Перед бараком довольно людно. Подошли мои «церберы», подтянулись солдаты лагерной охраны. Двое моих бойцов бинтуют голову пленному ребелу, грузно топает одиночный «кирасир», трое офицеров о чём-то препираются с вахмистром «церберов»…
Новак — помню его, один из немногих, кто с самого первого состава остался, когда мы ещё были вольными наёмниками и не служили Пакту. А рядом с ним… Майор и двое обер-лейтенантов, судя по погонам. На рукавах шевроны — серебристый венок из колючей проволоки.
36-я охранная дивизия.
Никогда не думал, что ярость может быть такой сильной.
Никогда не думал, что ненависть может быть такой всепоглощающей…
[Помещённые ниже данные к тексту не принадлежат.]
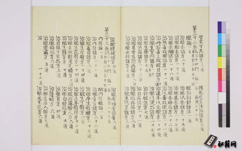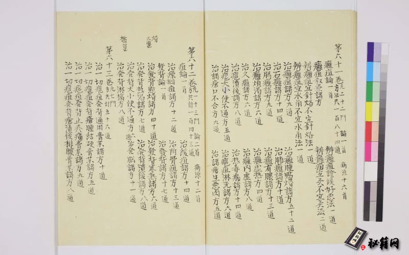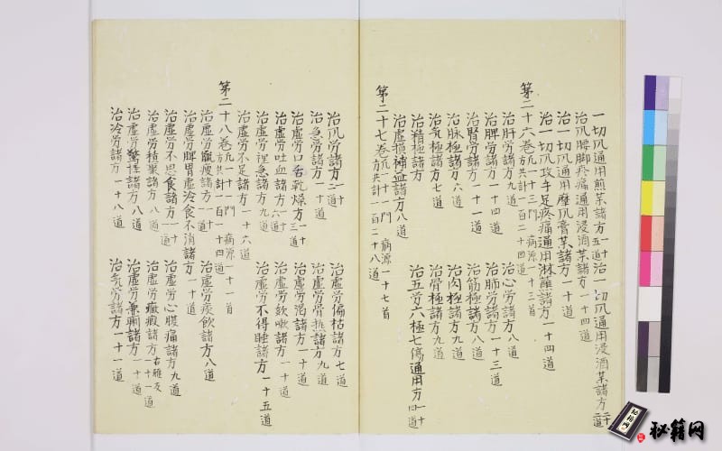 卷十九至卷九十三按临证各科分列病证治方,主要有中风、虚劳、骨蒸、诸痛、脚气、咳嗽、痰饮、霍乱、积聚、消渴、水病、黄病、诸虫、诸淋、痢疾、五痔、痈疽、瘰疬、伤折、金疮,以及妇人、小儿、五官等病证;
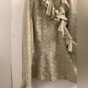 Elegant light green blouse with floral patterns and ruffle details. Perfect for a sophisticated look. It has a skirt . Put to pit is 51 cm, shoulder to shoulder is 38 cm , height from shoulder to hips is 58 cm . Waist is 46 cm . Waist can be adjust as it is wrap .

— …мы проводим контрпартизанские мероприятия и можем действовать на своё усмотрение, — устало — явно уже не в первый раз — произнёс вахмистр. — И у нас нет другого выхода, кроме как взорвать гаражи, чтобы прошли танки — иначе мы этот блокгауз не разберём. Моему командиру не понравится, что вы затягиваете этот процесс…
— А мне не нравится, что кто-то посторонний распоряжается в моём лагере! — высокомерно бросил майор, который Новаку в сыновья годился. — Вы нам помогли отбить атаку — мы благодарны и вам, и вашему командиру. Но дальше мы уже как-нибудь сами справимся.
Такой молодой, а уже майор. Но — в охранной дивизии. Кто-то приткнул сынка на тёплое местечко? Очень храброго сынка, который стал таким громким лишь после того, как «церберы» выбили врага из его лагеря…
— Сэр, но на борьбе с ребелами специализируемся мы, а не вы…
— И мне не нравится, что ты позволяешь себе спорить со мной, вахмистр!
— А как тебе понравится вот это, тварь? — спросил я и одной очередью из автомата положил всех троих охранников.
Вокруг воцарилась гробовая тишина.
Замерли мои бойцы, замерли солдаты охранной дивизии.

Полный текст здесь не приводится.